Our Day of Rest
An important matter that is often neglected today is Sabbath-keeping. The Bible shows us that after He had made man God established three ‘creation ordinances’ – work, marriage and the Sabbath. If the first two remain relevant after the fall then so does the Sabbath. We should not think of it as a Jewish or Old Testament institution. Rather it is God’s wise provision for all men in all places in all ages.
The appointment of the Sabbath is in these words: “And God blessed the seventh day, and sanctified it: because that in it he had rested from all his work which God created and made” (Gen.2:3). It is true that the actual word ‘Sabbath’ is not found here but the institution certainly is. When the fourth commandment says “Remember the sabbath day, to keep it holy” (Exod.20:8) it plainly refers to a day already in place and not unknown.
That God blessed the seventh day means that He declared it good and will do good to those who keep it. If we “call the sabbath a delight” then the Lord will cause us to “ride upon the high places of the earth” and feed us with “the heritage of Jacob” (Isa.58:13,14). There is a blessing for the individual, family or community that keeps the Sabbath out of love to God.
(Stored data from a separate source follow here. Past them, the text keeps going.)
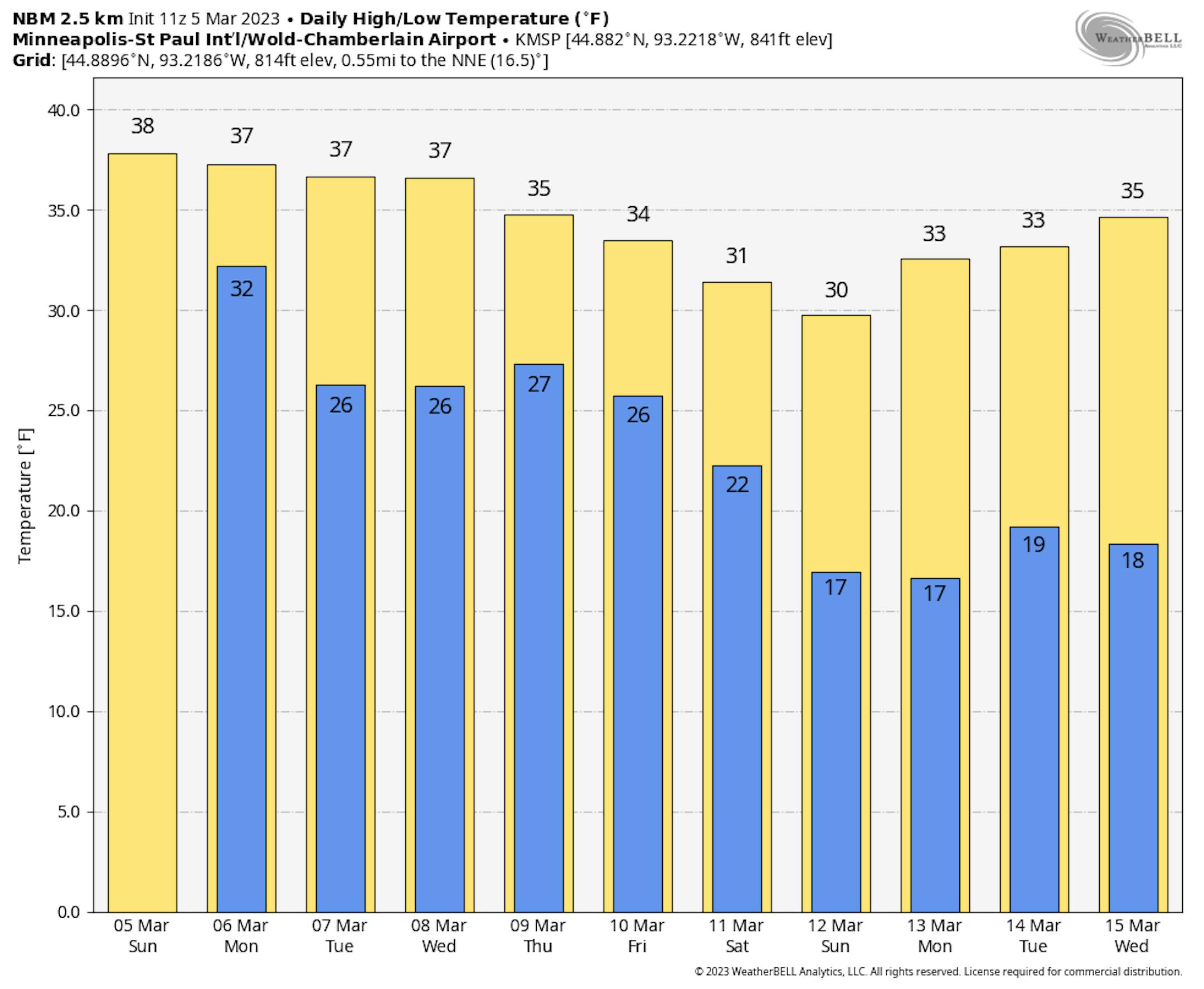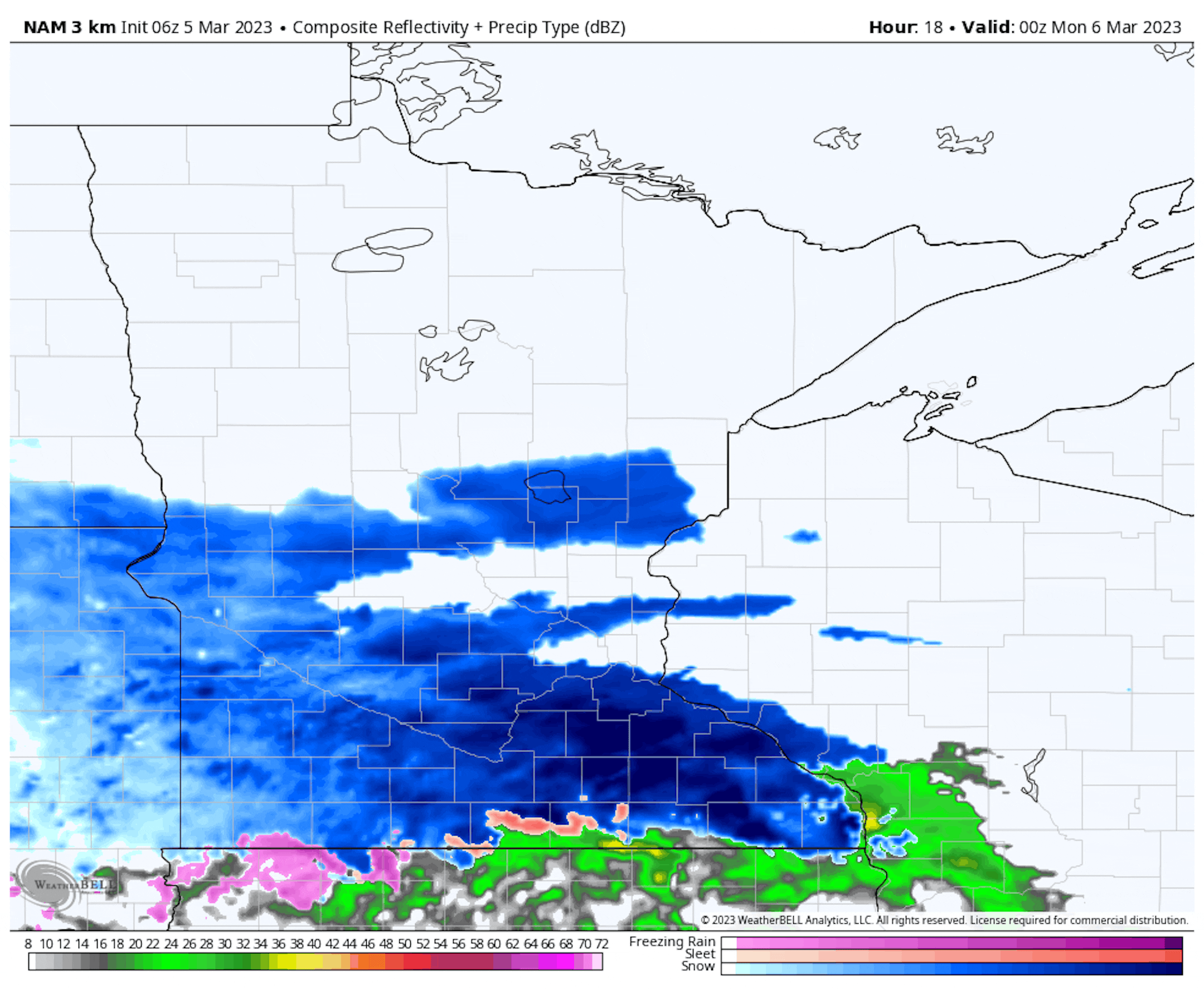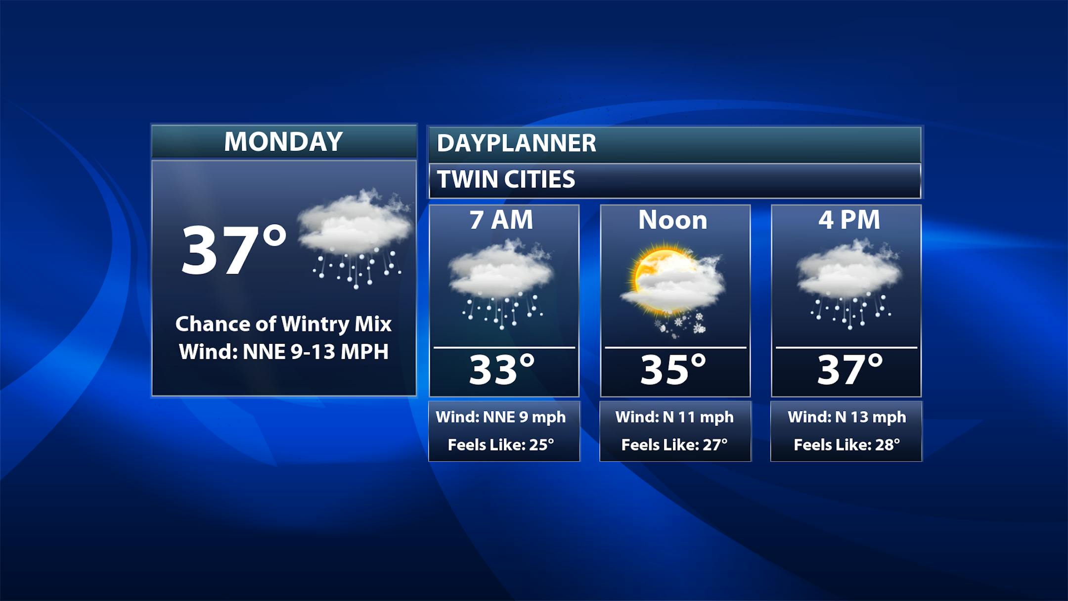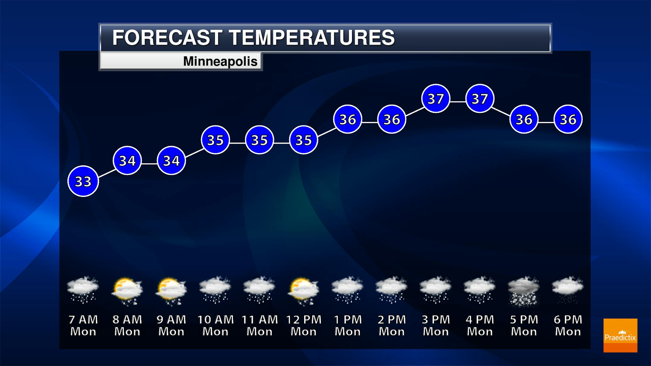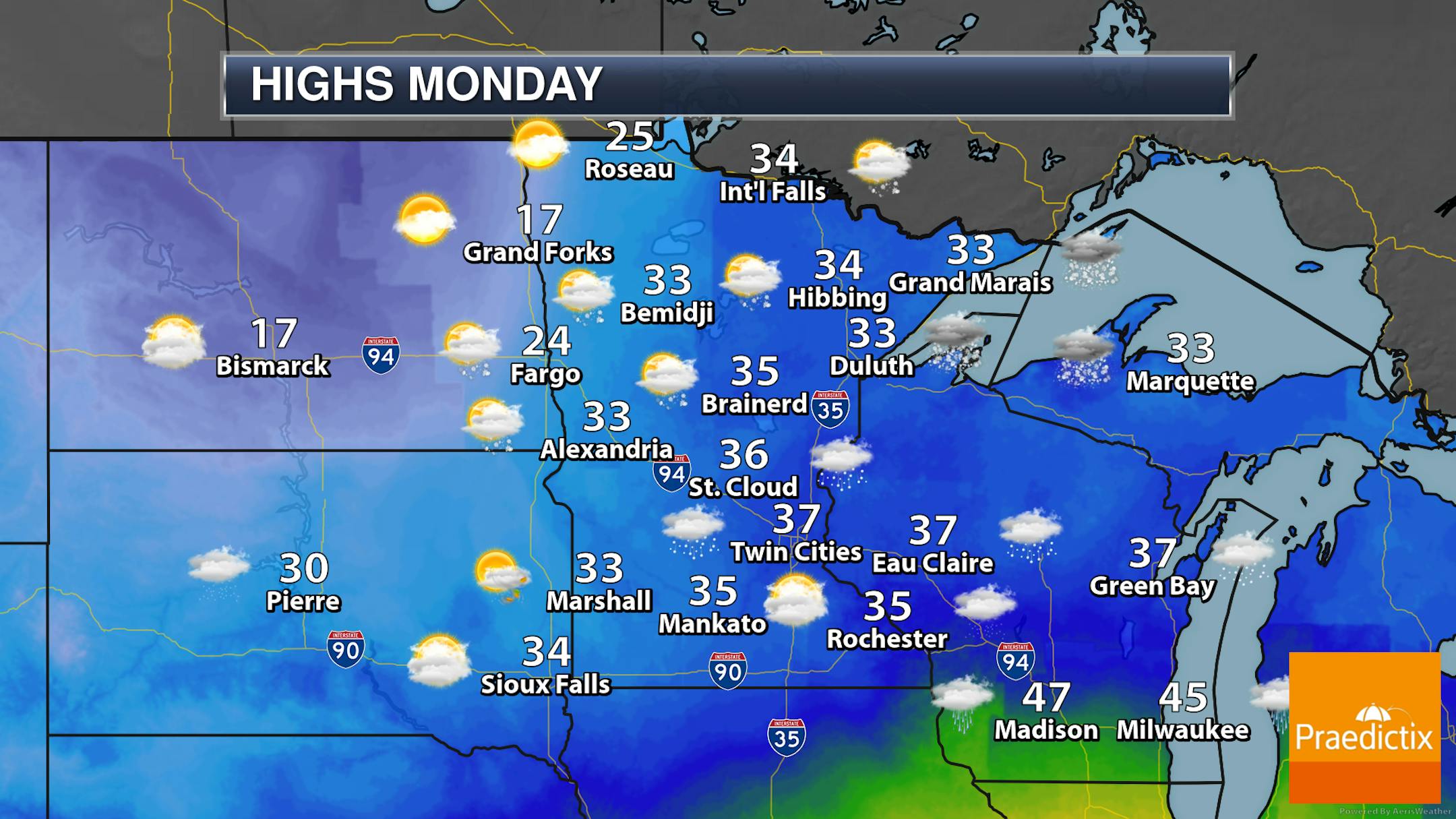 Temperatures will range from the teens up along the Red River Valley to the 30s across much of the state on Monday as we watch those continuing snow/mixed precipitation chances. By late in the day, some sunnier skies will be possible up in northwestern Minnesota.
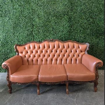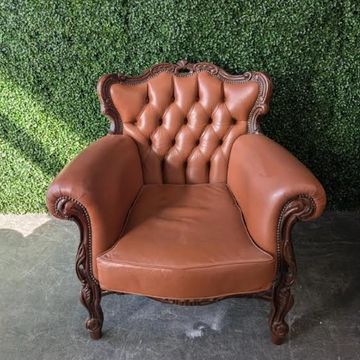 Our light brown leather baroque-style lounge set, featuring a grand three-seater sofa and matching armchairs with intricate wood carvings and tufted detailing, makes the perfect statement piece for weddings, photo shoots, corporate events or a luxe party lounge area
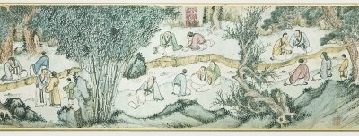 上巳节在魏晋南北朝时期固定在了三月三日,《晋书·礼志》记载:“自魏以后,但用三日,不以上巳也。”节日的内容也更加丰富,其中最为盛行的当属“曲水流觞”。所谓“曲水流觞”是指一种文化活动,人们坐在弯曲的小溪旁边,把盛满酒的耳杯(觞)放在水上,酒杯沿着曲水顺流而下,停在谁的面前,谁就要赋诗一首,诗不成则要罚酒。“曲水流觞”在魏晋时期非常流行,《初学记》援引《荆楚岁时记》说:“三月三日,士人并出水渚,为流杯曲水之饮。”著名的《兰亭集序》就是王羲之为一次曲水流觞活动写的序言。

Originally the Sabbath was the last day of the week. After Christ came it was changed to the first day of the week, the day when our Saviour rose from the dead. The church met for worship then (Acts 20:6; 1Cor.16:1). The Sabbath once honoured the work of creation. Now it honours the more glorious work of redemption by Christ which brings about a new creation. We should never refer to it as ‘Sunday’: it is the Lord’s day (Rev.1:10).
God has ‘sanctified’ the seventh day or set it apart for a holy use. God made us so that we only function properly when we conform to His prescription of six days of work and one day of rest. Incidentally there is no ‘weekend ’ in Scripture: the pattern is not five days of work and two days of rest. If we try to disrupt God’s pattern we will only bring about misery.
Some will say, “I give every day to God.” So we should but let us not be wiser than the Lord. God has put His mark on one day of the week and made it special. There are things that belong to the Sabbath that do not belong to other days, in particular the preaching of the gospel.
God ‘rested’on the seventh day as an example to us. The Sabbath is our day of rest but it is not a day for idleness. We are to leave aside our worldly cares and concerns in order to devote ourselves to God. Works of necessity and mercy such as feeding the hungry and healing the sick may be done (Matt.12:1-13) but it is mainly a day for works of piety. We should devote ourselves to God in the exercises of public and private worship.
We read of those who stopped gathering with God’s people on the Sabbath (Heb.10:25). Some attend church when it suits them but do not let it interfere with their leisure, travel and so on. Our priorities must be right. The welfare of our soul comes before our enjoyment of this world.
Men are trying to overthrow the Sabbath. They may desecrate it but they cannot destroy it. It is a solemn thought that if we despise the Sabbath then we are unfit to dwell with God in heaven. May God therefore grant us all His gracious salvation in Christ.